8 Once the front triangle is brazed up and cooled off, I soak it in a water tank to dissolve the flux. While that soaks I move on to working on the chainstays and dropouts. The 953 dropouts are shaped a little differently than most forged dropouts. The tabs are the exact size of the ends of the chain and seat stays. So rather than slot the stays as if traditionally done, I choose to file the tabs on the dropouts slightly to fit inside the stays. The pictures to the left below shows the chainstay tab filed and ready to go. Once they’re flied and sanded up, I sand the inside and out of the chainstays and flux everything up (center below). With the chainstay held vertically in the vise, I braze the joint with 50N silver to fill up the gaps. Shown below to the right is the finished braze ready to be filed and sanded.
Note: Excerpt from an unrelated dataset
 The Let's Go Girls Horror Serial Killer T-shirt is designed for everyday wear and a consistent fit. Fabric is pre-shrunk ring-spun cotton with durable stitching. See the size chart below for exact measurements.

9 After brazing both dropouts to the chainstays, I soak off the flux and then sand in the scallops. These are a little tricky as one slip and really ruin the look. Once the scallops are in both sides, I sand aroudn the diameter of the stays to clean up an residual silver.

10 Once the dropouts are all cleaned up and the flux is all soaked off the front triangle it’s time to attach the chainstay. Another problematic aspect of 953 is the shape of the chainstays. They’re ovalized, but not consistently and not that smoothly (compared to most 4130 stays). They have a fairly sharp point at the top and bottom and don’t fit the sockets on the BB shell very well. I have to do quite a bit of filing and sanding to the sockets to make them work and I still end up with gaps at the corners (as shown below left). For this reason I have to braze these with 50N silver to help fill those gaps as there isn’t much I can do to reshape the sockets that much. Once those are brazed in place I move onto the seatstays. They’re fitted up to the dropouts in the same manner as the chainstays, but the seat- lug end is a bit different. On this particular frame I decided to do a fastback style stay with a hidden binder. To do this I turn a solid section of 316 stainless steel rod down to fit exactly inside the top end of the seat-stay, then I braze that into the stay. From there, I miter up the stays as I would any other fastback.
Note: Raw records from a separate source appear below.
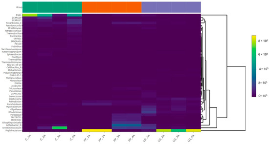 On the other hand, a β-diversity analysis was performed to assess differences among bacterial communities of the three types of microbiomes (PP, LDPE and bulk soil) at the genus level. For this purpose, a dissimilarity matrix using the Bray–Curtis distance was generated and used as the input of a hierarchical clustering analysis and heatmap (Figure 1). Bacterial communities from the three different microbiomes were clustered according to their composition and structure, indicating that all groups of bacterial communities were separated from each other (Figure 1).
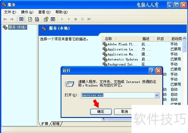 1、 开始→运行→输入:services.msc 点击确定(或按回车键)打开服务。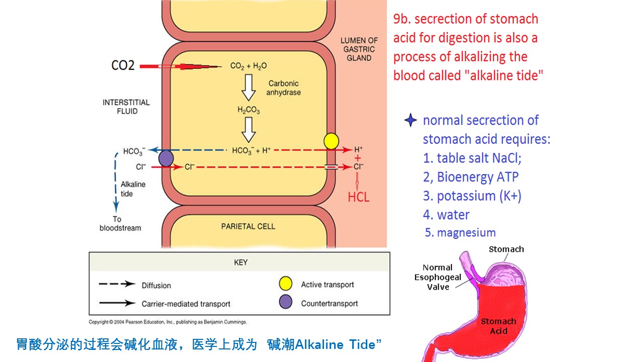 胃酸分泌的过程,就是消耗酸性的二氧化碳和使血液碱化的过程,分泌的胃酸越多,血液越碱,医学上,把进食过程中血液PH值的上升,称为碱潮(Alkaline Tide).

11 Once both seatstays are mitered perfectly symmetric, I clean and flux them up and braze them to the seatlug. This is tricky as the seatlug is brazed with the same silver as the stays, so I need to be very careful not to melt out any of the silver filler between the lug and the main tubes while attaching the stays. In the picture to the left, I have marked where the stainless rod is brazed inside the tube, so I know where to bore the binder bolt hole. Also note, the stays overlap the seatpost slot opening. I plan on beveling the inside of both stays when I cut the slot.
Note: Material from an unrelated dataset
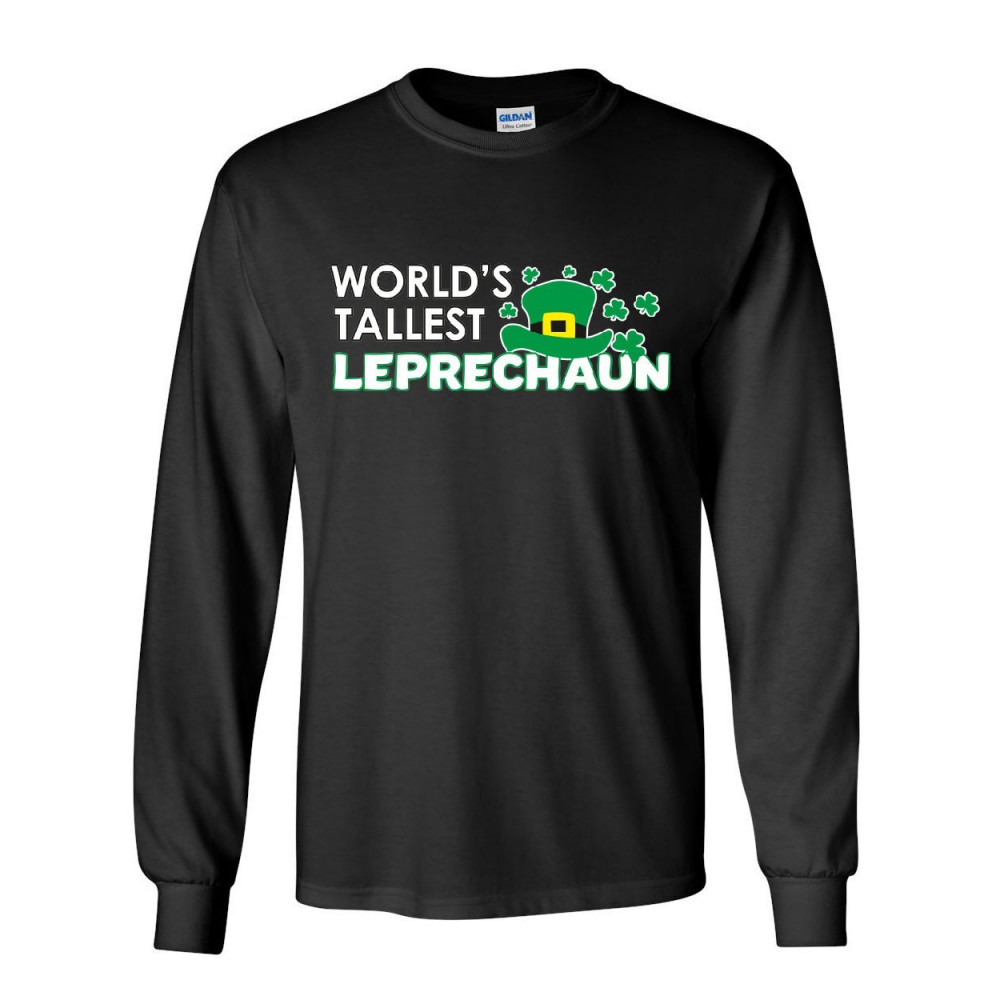 WORLDS TALLEST LEPRECHAUN long sleeve t-shirt st patrick's day shamrock beer tee black

12 Now that the seatstays are attached, I soak them off and give them a quick blast with the sandblaster and move the frame back to the mill. I cut the seatpost slot and the bevel on the inside of the seatstays at the same time on my horizontal mill with an abrasive wheel (below left). After that I hand file the bottom of the slot to make it round and prevent any future cracking. Than I move the frame to the vertical mill to machine the binder bolt hole. I start by drilling a 13/64” hole all the way through both stays perfectly perpendicular to the plane of the main triangle. Then I go and bore the driveside seatstay hole to ¼” and finally counterbore that hole to recess the bolt head. Finally I tap the threads on the non-driveside seatstay hole.